RECORDS FOR THE TASK:
========================================

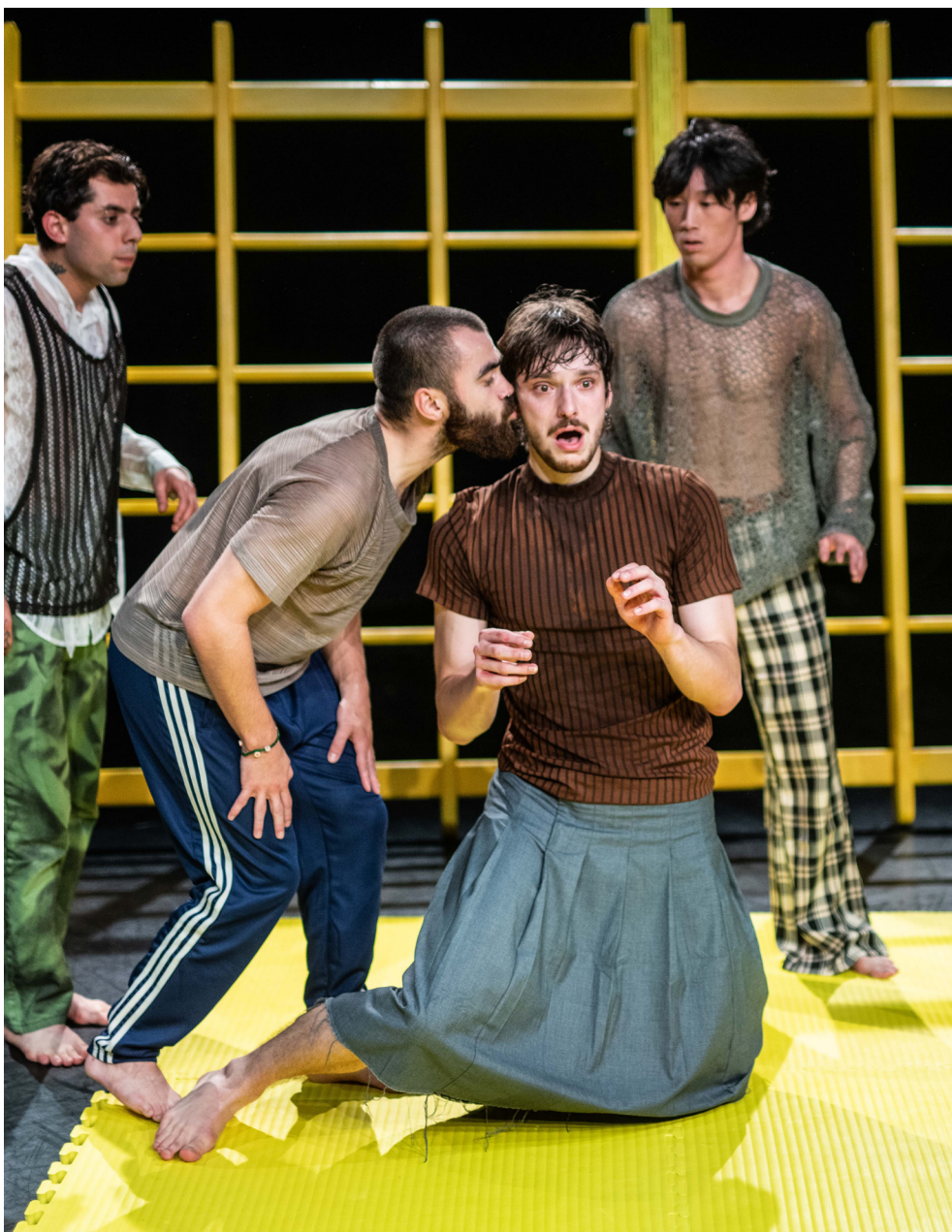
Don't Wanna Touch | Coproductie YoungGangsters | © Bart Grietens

========================================

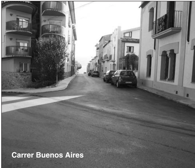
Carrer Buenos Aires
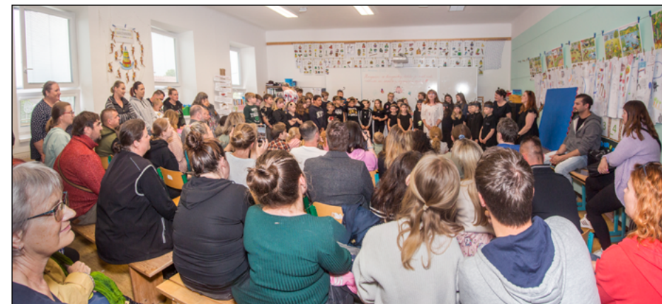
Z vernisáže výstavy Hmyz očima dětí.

========================================

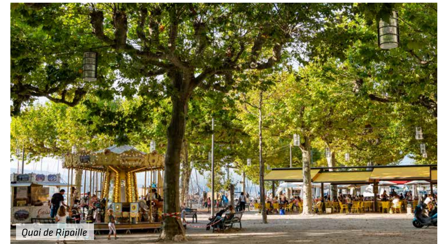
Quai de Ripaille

========================================

TO DO:
Pictures excluded, give again exactly and only the lines of the material above from the line with "Carrer Buenos Aires" through the line with "Z vernisáže výstavy Hmyz očima dětí.".

ANSWER FOR THE TASK:
Carrer Buenos Aires
Z vernisáže výstavy Hmyz očima dětí.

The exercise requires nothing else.